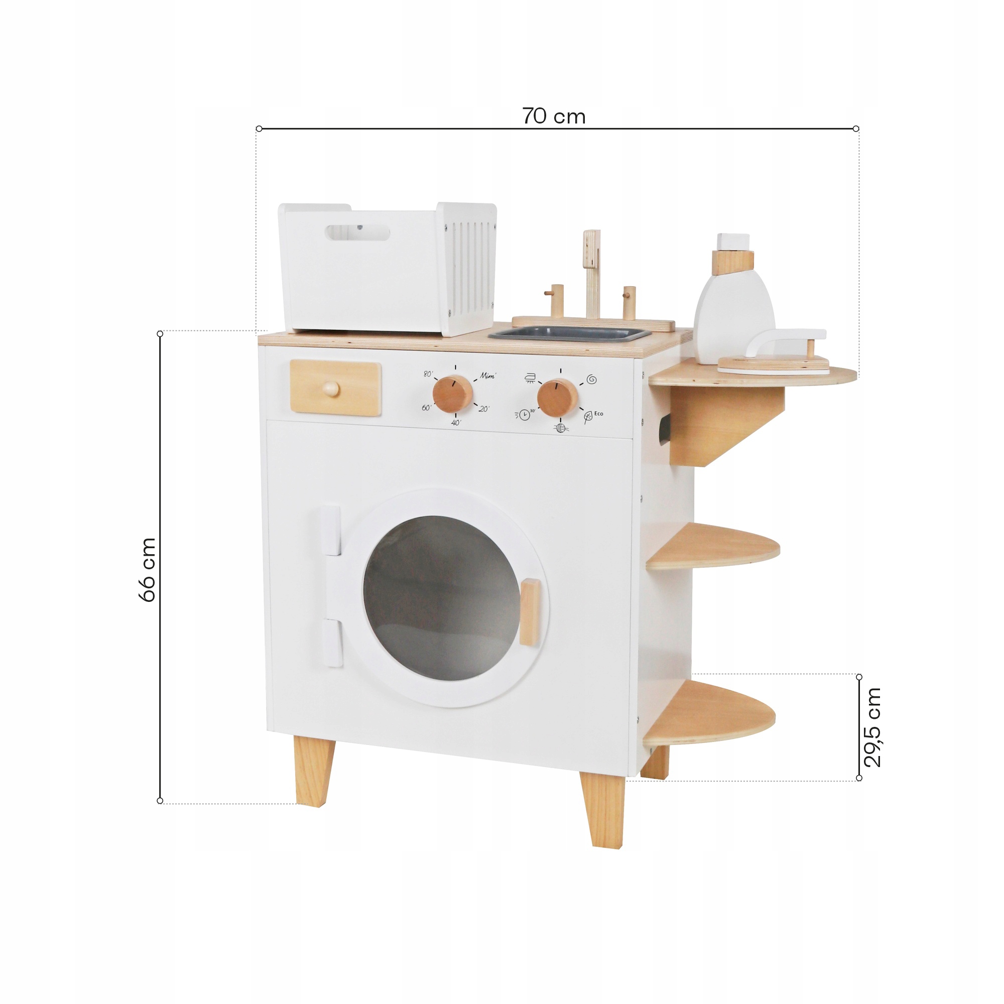 Стиральная машина также оснащена тремя полками, один из которых используется в качестве гладильной доски. Идеально подходит для кукольной одежды. Над ручками расположена выдвижная раковина с краном.Игрушка идеально подходит для обучения практической жизни.
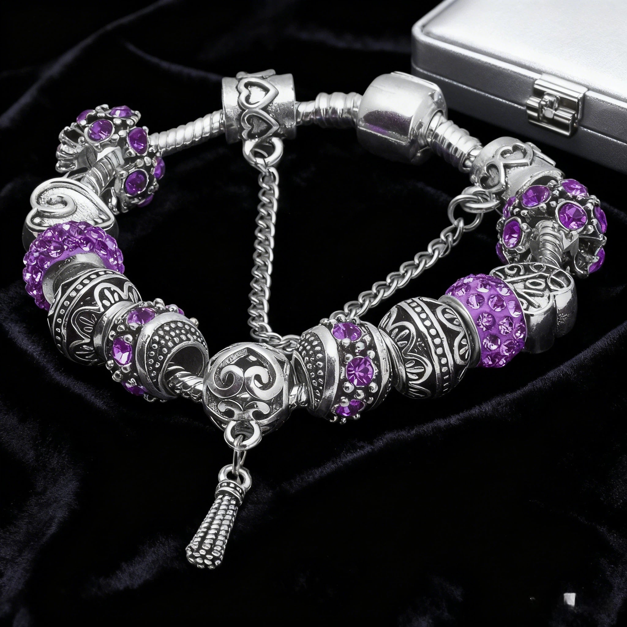 Womens Vintage Silver-Plated Charm Bracelet - Crystal-Embedded Hollow Carved Multi-Bead Fashion Jewelry (5 Colors, 4 Adjustable Sizes 17-20cm) |
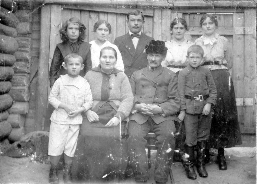 Семья мологжан на фоне ворот

================================

● WORK REQUEST: In copying the material, drop all pictures and keep everything else identical.

● PROBLEM SOLUTION:
 Стиральная машина также оснащена тремя полками, один из которых используется в качестве гладильной доски. Идеально подходит для кукольной одежды. Над ручками расположена выдвижная раковина с краном.Игрушка идеально подходит для обучения практической жизни.
 Womens Vintage Silver-Plated Charm Bracelet - Crystal-Embedded Hollow Carved Multi-Bead Fashion Jewelry (5 Colors, 4 Adjustable Sizes 17-20cm) |
 Семья мологжан на фоне ворот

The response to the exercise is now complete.